Reverse mortgage is sort of a loan which is extended to senior citizens against their property. It gives the option for senior citizens to convert an illiquid asset into continuing cash flow in the form of loan advances. The most important aspect of reverse mortgage is that the homeowners can continue to stay in their homes for as long as they live.
What is the difference between mortgage and reverse mortgage? Well, in a mortgage, a lump sum amount is borrowed initially against the indemnity of the house, and it is paid back in monthly installments, some part to cover the principal while the rest covers the interest. Thus, the home is the security which is pledged to the financial institution against which the loan was given to you. In the case of reverse mortgage, the home is already owned by you and you pledge this property for loan. The bank will ensure a cash flow for the homeowner for as long as they want.
Let us take an example of reverse mortgage. Let us consider that a senior citizen takes a reverse mortgage loan. He will then be getting monthly payments or a onetime lump sum payment based on the interest rate prevailing at that point of time. They can continue living in the home till the time of death or when the decide to move out of the property or sell the property. Post death or when they decide to sell or move out of the property, the reverse mortgage loan becomes due. Then the heir to the house will have the choice to pay back the loan amount and reclaim the house or otherwise, the property will be sold off by the bank and any amount in excess of the loan outstanding will be given to the heir. But in case the value of the property is less than the loan outstanding, the bank bears the risk and the heir will not have to pay anything.

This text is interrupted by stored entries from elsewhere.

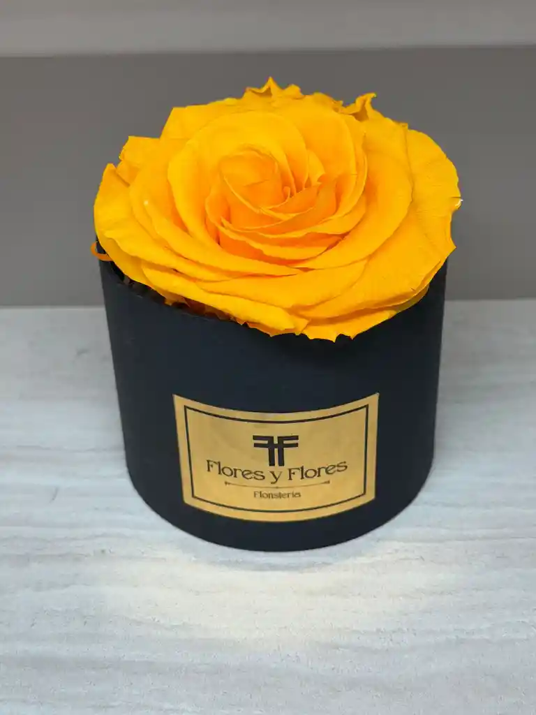 Rosa preservada amarilla, en cajita de lujo, duración de más de dos años. Incluye tarjeta personalizada y tarjeta con cuidados.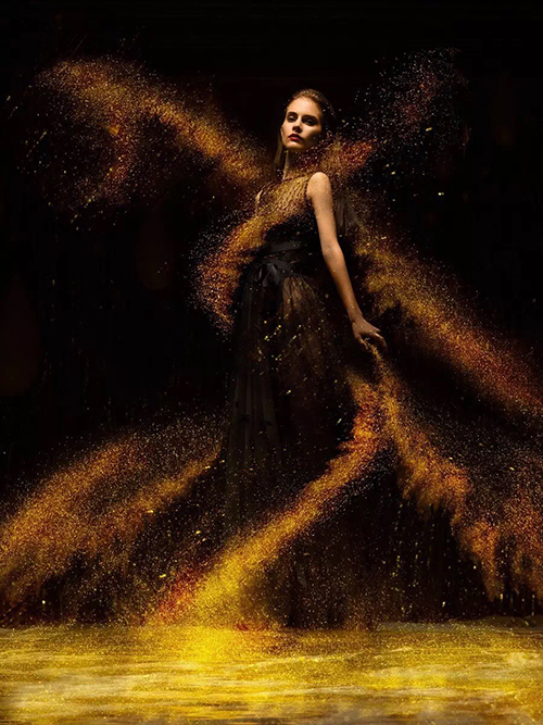 3.人物后方和胸前部分的金沙,为素材合成。旁边的助理负责甩金沙,多拍几次,直到能选出合适的素材。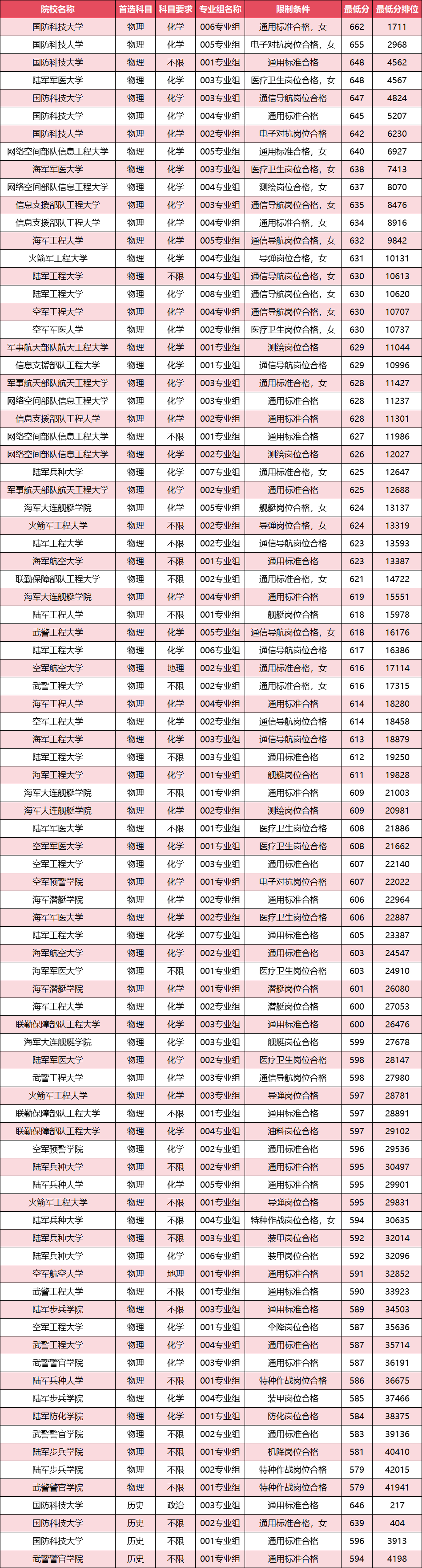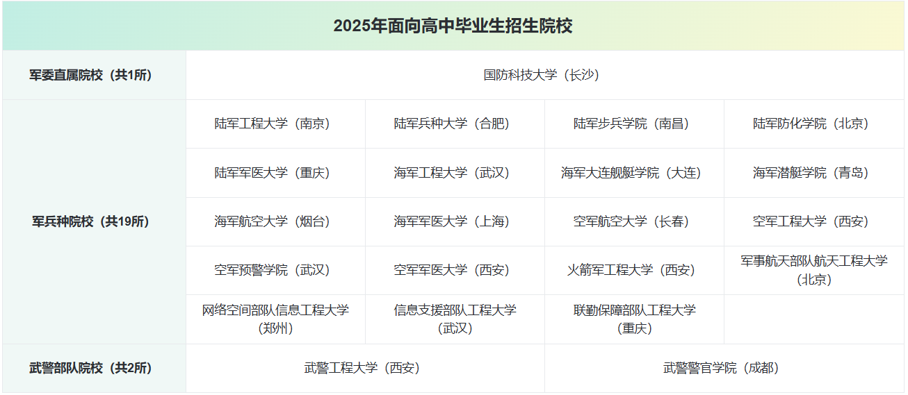 说明:各军校下设多个专业组,对应不同军种、岗位与培养方向。考生报考时须仔细查阅当年招生计划,根据选科、性别、身体条件及岗位要求合理选择。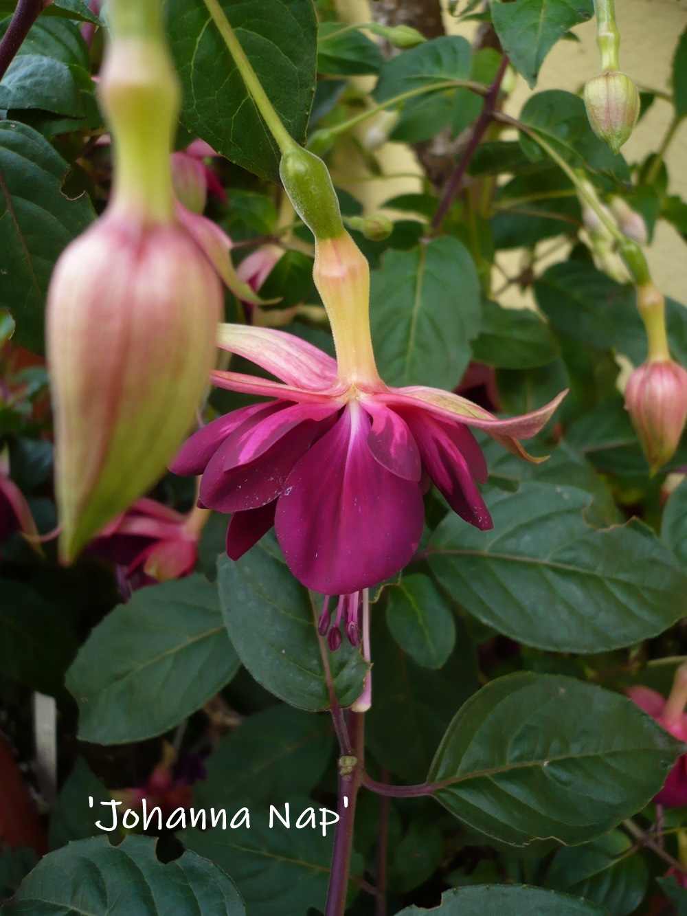 'Johanna Nap' ist eine Fuchsie mit hohem Wiedererkennungswert. Alleine die besondere Farbzusammenstellung ist bemerkenswert.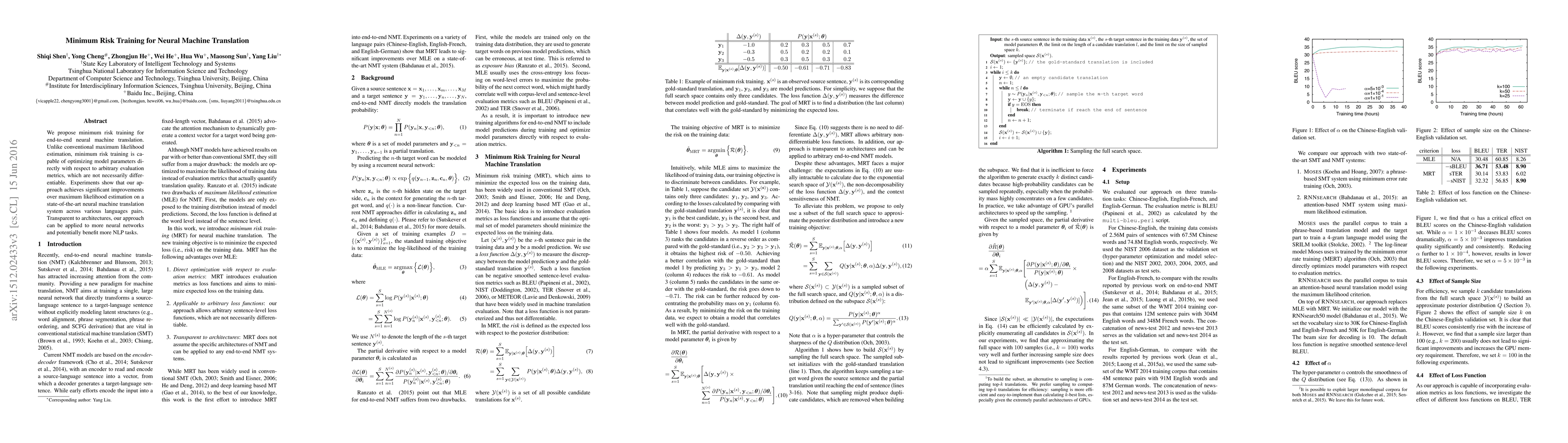 This paper proposes minimum risk training for neural machine translation, optimizing model parameters based on arbitrary evaluation metrics rather than just maximum likelihood estimation. The approach demonstrates significant improvements over traditional methods across multiple language pairs.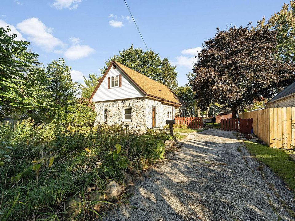 Tucked back from the street and framed by a welcoming garden path, this bright and beautifully maintained 3BR, 2BA Cape Cod offers comfort, convenience, and character. Sun-drenched Living Rm and Dinette feature easy-care ceramic tile floors--perfect for everyday living. Kitchen boasts new flooring and refreshed cabinetry, blending functionality with style. Main-floor bedroom with generous closet and updated full bath for added convenience. Upstairs, you'll find a large Master Bedroom with an oversized closet, a 2nd full bath, 3rd bedroom, and a thoughtfully placed laundry area. Recent updates include windows (2007), roof and gutters (2019), and furnace and A/C (2020). Fenced backyard with a large storage shed. And with no basement, you can rest easy knowing water damage won't be a concern.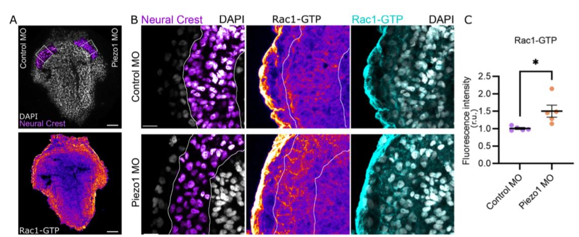 Fig. S4. Increased active Rac1 upon Piezo1 knock down in vivo. (A) Sagittal cryosections of whole embryos injected on the left side with control MO and on the right side with Piezo1 MO. Top. Nuclei are labelled with DAPI, neural crest is indicated in purple. Bottom. Rac1-GTP immunostaining labels active Rac1. Note that there is increased Rac1-GTP signal on the Piezo1 MO injected side (right side). Scale bars=100μm (B) Higher magnification images of neural crest tissue from (A), each condition is indicated in the figure. Scale bars=20μm. (C) Quantification of Rac1-GTP levels of neural crest cells from (B). n=50 cells. Error bars are ±SEM. Each dot is the mean value of an independent experiment. All data is representative of at least 3 biological replicates. Student's t-test (two-tailed). * p ⤠0.05.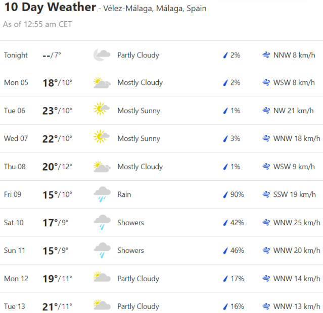 Local Weather: https://www.accuweather.com/en/es/torre-del-mar/306652/weather-forecast/306652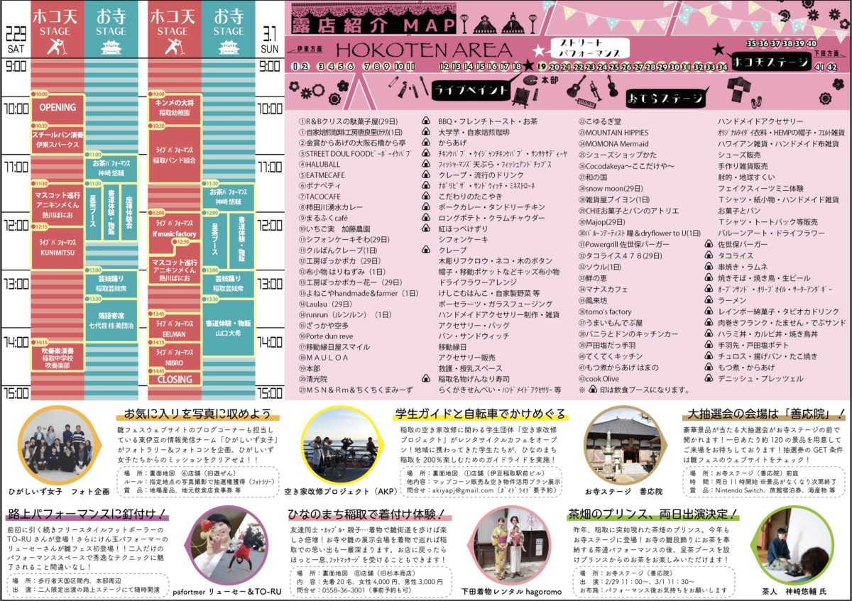 地元のご当地キャラ、伊豆出身のミュージシャン、地元稲取や伊豆で活動するバント、地元バントと「元ミス雛のつるし飾り」高瀬 真由さんとのコラボ、地元幼稚園児によるダンス、フリースタイルフットボーラーや大道芸など、音楽やカルチャー満載のストリートイベントである。
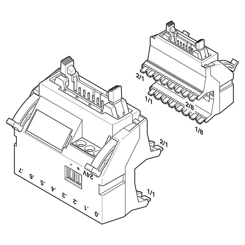 Adaptateur de précâblage PLC-V8, permet l'interfaçage en sortie de 8 relais PLC 6,2 mm (voir guide de choix pour compatibilité). Connecteur pour câble préconfectionné HE10 - 14 pôles, logique de commutation +.
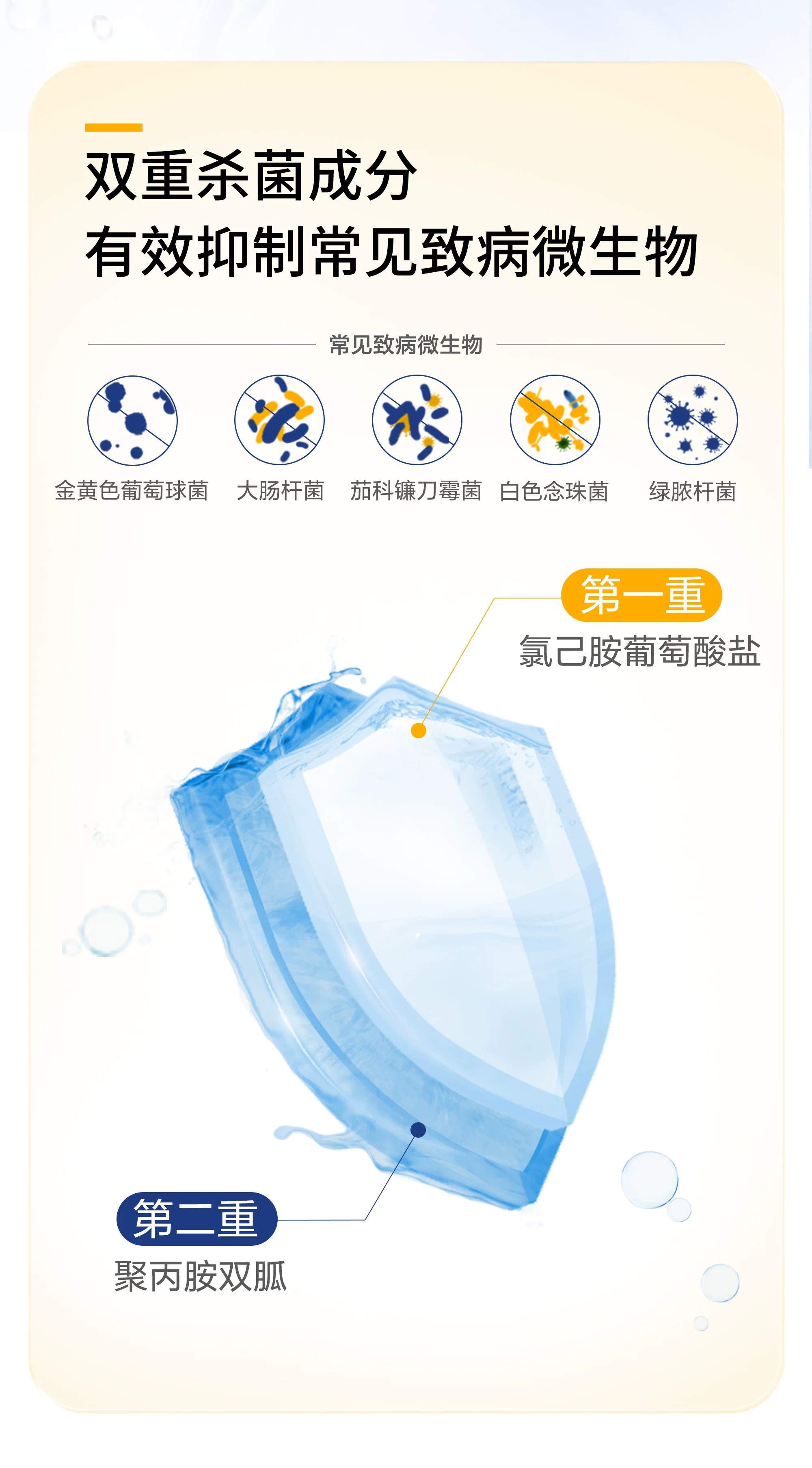 | 结构及组成 | 该产品主要成分为:波洛沙默、羟基磷酸盐、硼酸、硼酸钠、氯化钠、羟基纤维素、聚丙胺双胍、氯己胺葡萄糖酸盐、甲基葡萄糖衍生物。产品采用无菌加工方式生产。生产地址一的产品有效期为3年 |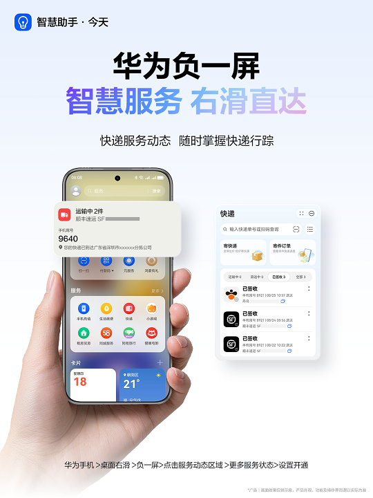 无论是查看日常待办,处理日常工作行程,还是做出行规划,安排周末休闲娱乐,华为负一屏都能提供更智慧的解决方案。依托实时更新的动态服务卡片,重要行程、快递物流、天气等信息一目了然。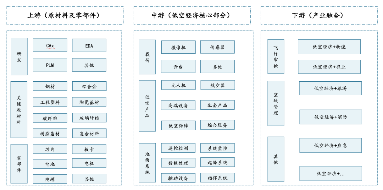 Low-altitude economy covers the upstream, midstream and downstream of the industrial chain, forming a complete industrial system. The upstream of the industrial chain mainly consists of the fields related to raw materials and core components. The midstream of the industrial chain mainly includes the manufacturing of related products such as payloads, low-altitude products, and ground systems, as well as system services and support. The downstream of the industrial chain mainly consists of various application scenarios, including flight approval, airspace control and other various application scenarios.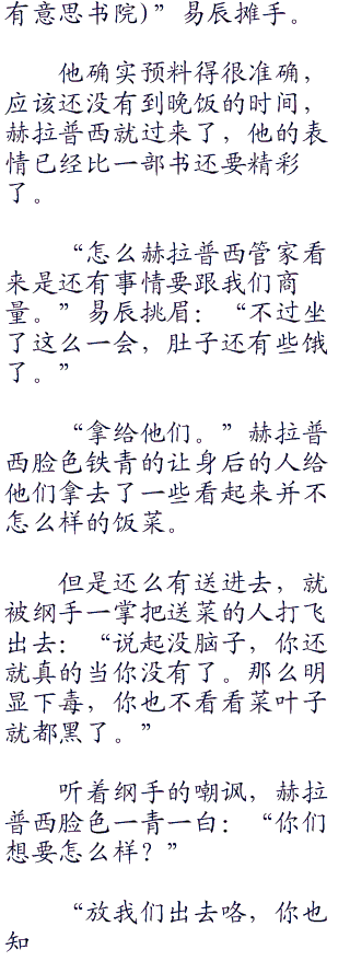 “我倒是想问问这位管家大人,你什么时候对我们有过情面?”易辰背靠着海楼石的栏杆,完全没有一点囚犯的自觉。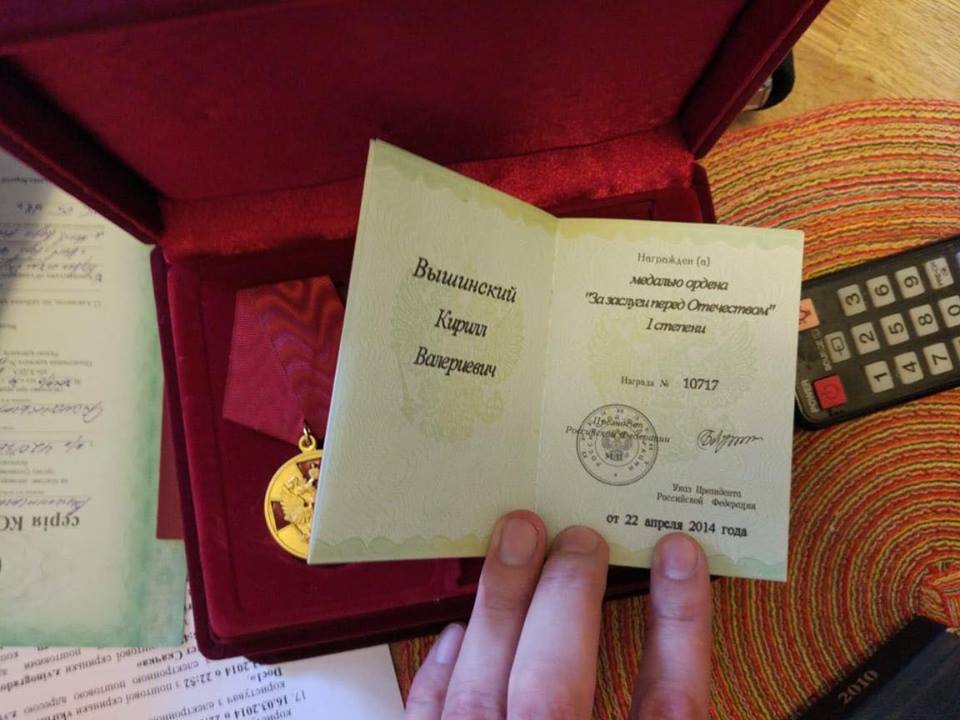 Также СБУ показала документы Вышинского, в том числе ксерокопию его украинского паспорта, деньги в долларах и рублях, а также награды, в том числе "За возвращение Крыма".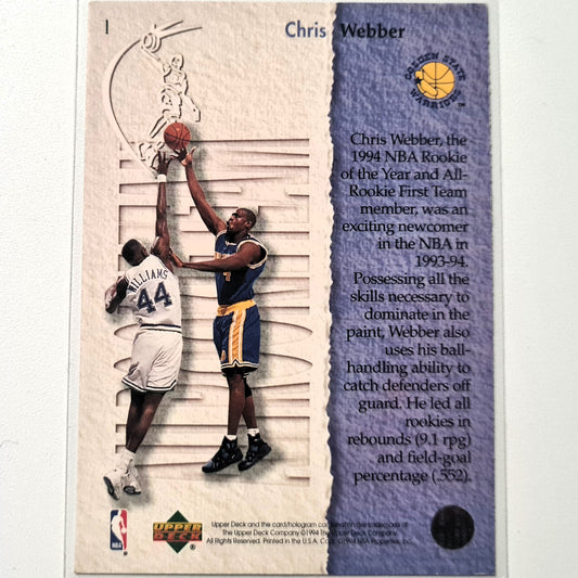 Chris Webber 1994 Upper Deck #1 all rookie first team NBA Basketball Golden State Warriors Good Sleeved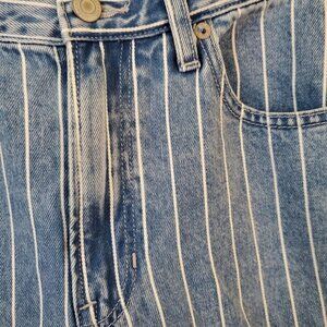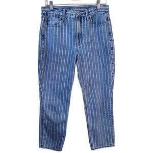 American Eagle Outfitters Blue Pin Striped High Rise Ankle Mom Jeans Size 6 Shor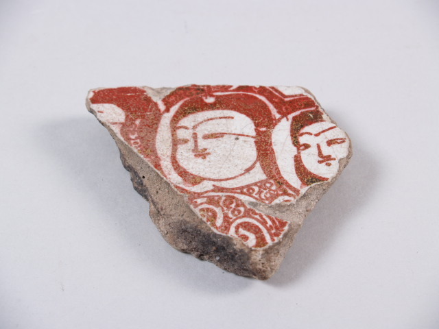 Scherf met decor van 2 gezichten met Mongoolse trekken (Nederlands)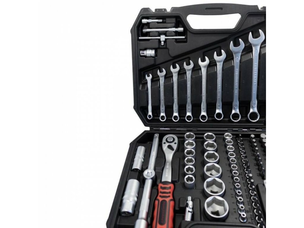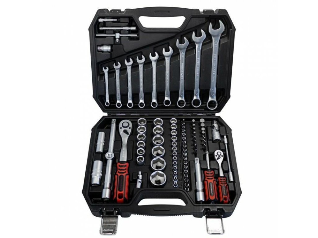 Celá sada nástrojov je uložená v veľmi odolnom a ergonomickom kufríku z plastu umožňujúcom jednoduché prenášanie a uskladňovanie súpravy.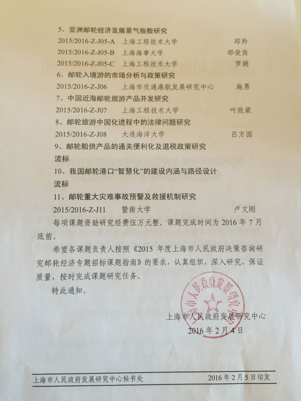 公司教师吕方园,裴兆斌,刘臣,范英梅,孙岑等老师联合申请了上海市政府咨询决策课题:邮轮旅游中国化进程中的法律问题研究,并获立项。立项编号2015/2016-Z-J08。课题资助经费5万元。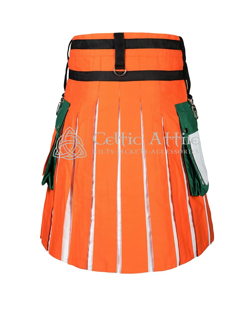The Ireland Flag Utility Kilt combines patriotism with practicality, offering a stylish way to showcase your Irish pride. Featuring the vibrant green, white, and orange of the Irish flag, this kilt is designed for those who want to stand out while enjoying comfort and functionality.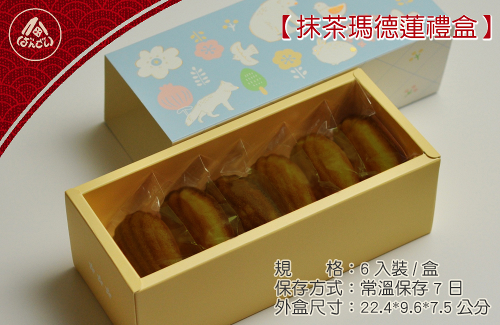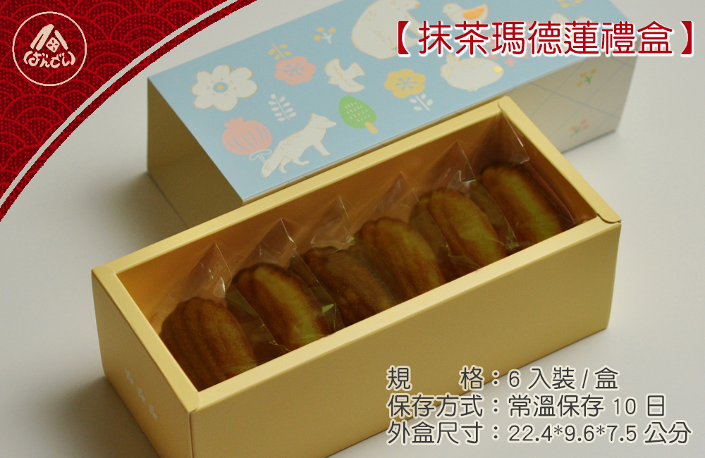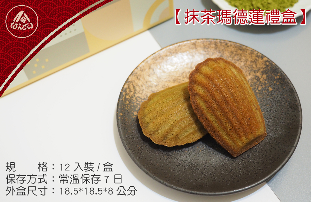 【抹茶瑪德蓮禮盒】貝殼形狀的經典法式甜點,茶香濃韻,香鬆柔軟,每一口都散發成熟的苦甜滋味,值得喜歡抹茶甜點的您品嚐。

The homeowner has to ensure that taxes and insurance premiums against the property are clear. Any lapse on the part of the homeowner could cause a default in the reverse mortgage agreement.
One good thing about reverse mortgage is that there is no restriction on the use of loan advance. The funds can be withdrawn and invested in some instrument or can be spent as deemed fit by the homeowner, there is no legal restriction to it. However certain federal government backed programs do have some restrictions regarding how the loan advances can be spent.
There are however other options to reverse mortgage. Once could be that you sell the property and move to a smaller house or to a less expensive location. However, selling and moving costs can be quite high, one should take these into consideration.